Delegate Address: 0xCdB792c14391F7115Ba77A7Cd27f724fC9eA2091
Email: [email protected]
Your Delegate Video: Meet Your Delegate | Ep. 7 Ft. JustinCase - YouTube
Resides in the UTC+1 time zone.
Maintaining obligations – Trust comes from honouring commitments; trust is essential for adoption and use of the protocol.
Growing the profitability of the protocol – Growth is good, but growth must lead to profitability. I favour increasing revenue over reducing costs.
Simplicity – given a choice between a complex and a less complex solution I will favour the less complex one.
Summary: I will work towards:
- Ensuring that a portion of the protocol profits are going towards maintaining a steady burn but recognize that the protocol has other strategic goals as well.
- Making sure that previously made deals are honoured and that changes, and terminations of deals are communicated well in advance.
- Enhancing growth of the protocol and adoption in new areas, while growing revenue and profitability.
- Communicating in a more easily understandable fashion and to try to create enthusiasm for governance among smaller holders of MKR.
When I first got into Maker in the fall of 2018 the way it was presented to me was something like this: “This new protocol generates a stablecoin that it lends out and it uses the profits to burn the token and increase its value”. With a lifelong interest in finance and just dipping my toes into crypto, this was a sentence that resonated with me. It presented something different in the cryptosphere. I believe many others have heard a similar pitch and has for a time been somewhat disappointed that a combination of factors has led to long periods of no burn.
As examples I have these two quotes from two different articles about Maker:
“…All accrued fees on MakerDAO are paid in MKR. The protocol purchases MKR off the secondary market and burns it, ensuring proper alignment incentive between MKR token holders. The burning of MKR reduces its supply in circulation through its intentional destruction. It is an effective method for increasing and stabilizing the price of MKR with the increased value given to the holder resembling that of a dividend…” Link
“Burnt tokens” have effectively been destroyed, ultimately reducing the total supply of tokens in circulation. Interest accumulated on Maker vaults is paid back in Dai, this Dai is then automatically swapped for MKR and burned. This is the primary economic driver behind the price of MKR tokens. Burning MKR reduces the supply of tokens, putting constant upwards pressure on the price. The more Dai in circulation, the more interest is generated, the stronger the upwards pressure on MKR’s price …” Link
This shows that the perception from the outside is that MKR tokens will be burned. Failing to live up to this expectation is to me a failure to meet obligations. I believe that prolonged periods with no burn is damaging to MakerDAO’s credibility and trust and has caused some retail investors to look to other projects, reducing value for remaining MKR holders.

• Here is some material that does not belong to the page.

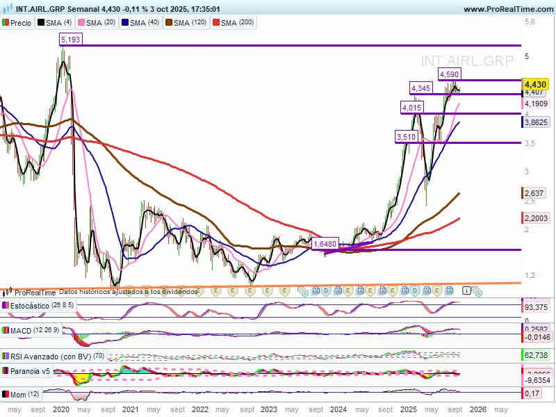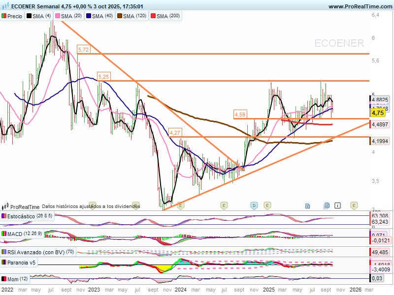 En semanal, intenta no perder la zona de soporte de los 4,60€ mientras realiza apoyo en SMA de 40 sesiones.

In order to maintain a healthy burn we must turn a healthy profit as well as keep the protocol safe and stable. As indicated by the portion of MKR in my portfolio I am a believer in the growth potential of Maker. I think there is a potential for capturing a larger market share in the cryptosphere, but I believe there is an even larger potential for growth in Real World Assets (RWA).
Maintaining a burn touches into a broader issue of meeting obligations in general. As we grow larger in RWA, we’re going to have many entities depending on MakerDAO acting in good faith and honouring its obligations. Erratic behaviour will result in us losing trust with other entities and reducing our potential as a partner. My default stance will always be to maintain previous deals, either implicit or explicit. Strong arguments can sway a particular issue or stance but if we need to break off on a previous agreement it will have to be after giving a fair warning ahead of time that we intend to do so, assuming it is not possible to come to a mutually agreeable alternate plan.
I recognize that Maker can have a very high barrier of entry and I will do my very best to try to keep my communication as understandable as possible with as little technical jargon and abbreviations as possible.
Lastly, I’d like to share a little of my background. I’m currently working in business administration with a decade of experience. I hold an MBA with a major in Strategy and a minor in Finance.
I have also had some experience from politics. The key takeaway for me was to more carefully consider the needs of different parties and come up with a workable solution that leaves stakeholders satisfied.
Potential conflicts of interest
I am a holder of MKR and currently it is about half my crypto portfolio. The maker portion is about two years salary. The other half is in ETH.
I hold a diversified portfolio of stocks and funds.
My primary income is not from Maker, nor do I receive any form of compensation outside of MakerDAO for my participation within.
Waiver of liability
I have read and pledge to follow the Recognized Delegate Code of Conduct. As such I will to the best of my ability act in good faith to the best interests of the Maker Protocol. I will maintain communication regarding my stance on the various issues that is voted on.
By delegating to me you acknowledge and agree that JustinCase will not be held liable for any damages caused by my participation in the Maker Protocol or because of any votes cast while acting as a delegate.